A manutenção da natureza de direito público não significa que se possa invocar para as associações de municípios de fins específicos a manutenção do benefício das isenções fiscais previstas na lei para as autarquias locais, porque este benefício decorria tão só do art. 36º da L. nº 11/2003 e não é inerente à natureza de pessoa coletiva de direito público.

E.

Ao permitir a manutenção em vigor, estritamente, da natureza de direito público para as associações de municípios de fins específicos constituídas até à entrada em vigor da L. nº 45/2008, como é o caso da impugnante, esta lei pretendeu restringir o alcance do regime pretérito que aceitou continuasse a reger essas associações, devendo entender-se, do seu conjunto normativo, que a L. nº 45/2008 pretendeu que após a sua entrada em vigor só as associações de municípios de fins múltiplos ou comunidades intermunicipais beneficiariam das isenções fiscais previstas na lei para as autarquias locais.

Sem embargo, F.

A Fazenda Pública entende também ser de rejeitar a afirmação que admite que a remissão do art. 36º da L. nº 11/2003, de 13.05, é realizada para os termos previstos na al. a) do art. 9º, nº1, do CIRC, em que as associações de municípios são equiparadas a autarquias locais e como tal estão isentas de IRC, "por mais discutível que seja a opção legislativa ou a redação da norma remissiva e da norma de isenção".
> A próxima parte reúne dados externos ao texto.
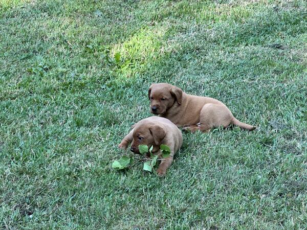 message jdavisjr about this ad Fox red lab pups, parents AKC registered and both had the Embark test done, and will have first shots before going to their forever home. Pups are eating solid food love playing outside and children. Will be partially house broken and getting them used to firearms if they are wanted for hunting. Message for more details. Also puppies are located in Linwood MI. Call or text at 989-493-8417. |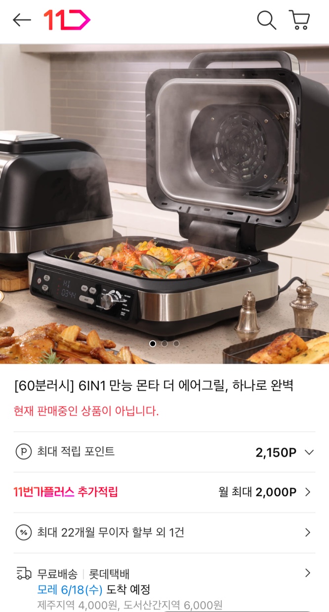 [11번가] (60분러시) 6IN1 만능 몬타 더 에어그릴 (99,000원/무료) > 국내핫딜

  1. Se o legislador pretendesse que as associações de municípios beneficiassem da isenção que vale para as autarquias locais a que se refere a al.a) do nº1 do art. 9º do CIRC não só não restava espaço para a aplicação da al.b) do mesmo preceito, havendo que considerá-la implicitamente revogada a partir da entrada em vigor da L. nº 11/2003, como igual conclusão teria de se retirar para qualquer norma constante de qualquer diploma fiscal que previsse, em condições específicas de cada tipo fiscal, isenções para as associações de municípios.

  2. Revela-se mais razoável e plausível que o legislador tenha querido salvaguardar a aplicação das normas especiais que fixem tratamento especial para as essas associações, preservando o efeito útil destas - assim, a remissão genérica do art. 36º da L. nº 11/2003 não prejudica a aplicação de normas especiais, caso da al.b) do nº1 do art. 9º do CIRC I. No que concerne à aplicação à impugnante da isenção da al.a) do nº1 do art. 9º do CIRC, razão de ser do enquadramento da associação de municípios impugnante como sujeito passivo não isento de IRC que exerce a título principal atividades de natureza comercial e industrial decorre da reconhecida realização de operações económicas por parte da impugnante com caráter empresarial, ie, buscando a melhor combinação dos fatores de produção para a perceção de acréscimos patrimoniais, visando obter uma diferença positiva entre os valores do património líquido no início e no fim do período de tributação, que a impugnante destina segundo a gestão dada pela sua administração.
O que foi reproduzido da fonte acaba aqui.